Go through the data from its first line and retype each line, stopping once the line containing "(サクラエビが光る様子 提供:中部大学 大場裕一教授)" has been retyped.

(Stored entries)
--------------------------------
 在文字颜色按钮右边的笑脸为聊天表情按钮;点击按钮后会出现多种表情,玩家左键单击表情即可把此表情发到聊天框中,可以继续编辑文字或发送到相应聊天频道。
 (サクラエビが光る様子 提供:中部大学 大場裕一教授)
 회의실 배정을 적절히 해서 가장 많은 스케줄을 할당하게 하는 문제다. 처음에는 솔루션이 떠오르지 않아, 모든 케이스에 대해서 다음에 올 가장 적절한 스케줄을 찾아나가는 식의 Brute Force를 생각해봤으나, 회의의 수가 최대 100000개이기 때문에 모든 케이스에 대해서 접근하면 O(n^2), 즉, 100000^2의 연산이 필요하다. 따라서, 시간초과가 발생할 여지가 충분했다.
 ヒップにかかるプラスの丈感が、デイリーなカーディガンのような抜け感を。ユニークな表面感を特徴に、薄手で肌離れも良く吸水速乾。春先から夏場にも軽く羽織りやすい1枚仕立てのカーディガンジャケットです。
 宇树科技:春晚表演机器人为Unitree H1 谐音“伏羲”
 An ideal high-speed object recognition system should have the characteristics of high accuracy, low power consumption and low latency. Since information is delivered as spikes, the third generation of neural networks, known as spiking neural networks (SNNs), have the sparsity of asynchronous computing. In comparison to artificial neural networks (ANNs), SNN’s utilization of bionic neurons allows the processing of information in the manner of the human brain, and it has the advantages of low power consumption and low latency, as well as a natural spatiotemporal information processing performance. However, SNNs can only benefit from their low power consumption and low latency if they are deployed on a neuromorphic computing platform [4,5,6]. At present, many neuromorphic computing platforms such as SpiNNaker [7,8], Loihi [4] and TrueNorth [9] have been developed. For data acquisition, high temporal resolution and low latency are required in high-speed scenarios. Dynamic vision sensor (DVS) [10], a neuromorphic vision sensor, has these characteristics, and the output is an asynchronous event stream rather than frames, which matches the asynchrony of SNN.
--------------------------------
◆ Written solution:
 在文字颜色按钮右边的笑脸为聊天表情按钮;点击按钮后会出现多种表情,玩家左键单击表情即可把此表情发到聊天框中,可以继续编辑文字或发送到相应聊天频道。
 (サクラエビが光る様子 提供:中部大学 大場裕一教授)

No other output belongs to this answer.